_DATA SECTION_:
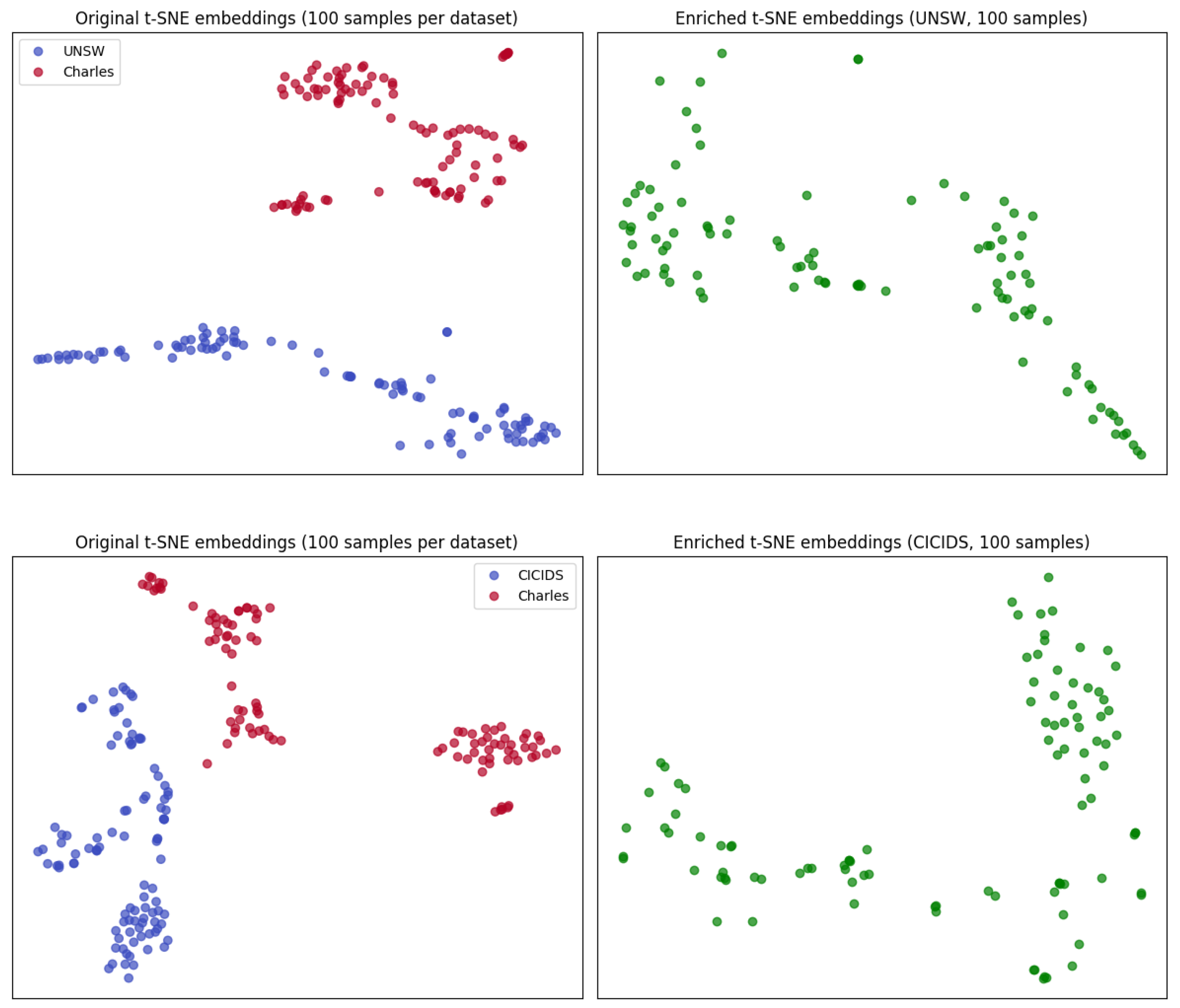 58]. t-SNE projects high-dimensional representations into two dimensions while preserving local neighborhood structure, making cluster formation, overlap, and domain separation visually apparent. This visualization allows us to (i) verify the domain separation achieved by the adversarial alignment between network traffic datasets (UNSW-NB15 and CIC-IDS-2017) and Charles behavioral dat and (ii) inspect how the enrichment modifies the geometry of network embeddings by tightening normal patterns and exposing finer-grained anomalous structures. In other words, the plots provide an intuitive view of how behavioral context changes the arrangement of samples in the latent space, clarifying the mechanism by which the enriched features improve separability for downstream anomaly detection.
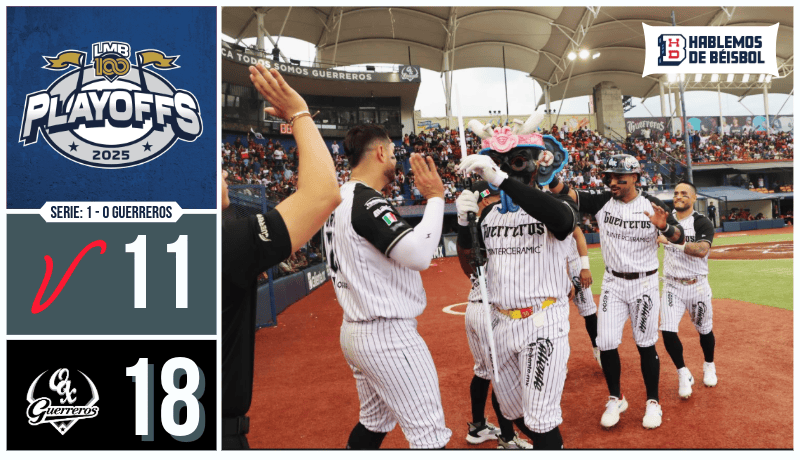 Oaxaca, Oax. – Con una ofensiva descomunal de 21 imparables y tres cuadrangulares, los Guerreros de Oaxaca vencieron 18-11 a El Águila de Veracruz en el primer juego de la serie de playoffs de la Zona Sur en el Estadio Eduardo Vasconcelos.
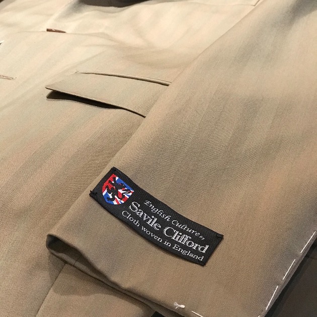 <SAVILE CLLIFORD>のウール50コットン50のソラーロ生地、赤っぽくも緑っぽくも見えて非常に良い雰囲気です。

_TASK ITEM_:
Reproduce the data above in full, exactly, with the images removed.

_OUTPUT FOR THIS TASK_:
 58]. t-SNE projects high-dimensional representations into two dimensions while preserving local neighborhood structure, making cluster formation, overlap, and domain separation visually apparent. This visualization allows us to (i) verify the domain separation achieved by the adversarial alignment between network traffic datasets (UNSW-NB15 and CIC-IDS-2017) and Charles behavioral dat and (ii) inspect how the enrichment modifies the geometry of network embeddings by tightening normal patterns and exposing finer-grained anomalous structures. In other words, the plots provide an intuitive view of how behavioral context changes the arrangement of samples in the latent space, clarifying the mechanism by which the enriched features improve separability for downstream anomaly detection.
 Oaxaca, Oax. – Con una ofensiva descomunal de 21 imparables y tres cuadrangulares, los Guerreros de Oaxaca vencieron 18-11 a El Águila de Veracruz en el primer juego de la serie de playoffs de la Zona Sur en el Estadio Eduardo Vasconcelos.
 <SAVILE CLLIFORD>のウール50コットン50のソラーロ生地、赤っぽくも緑っぽくも見えて非常に良い雰囲気です。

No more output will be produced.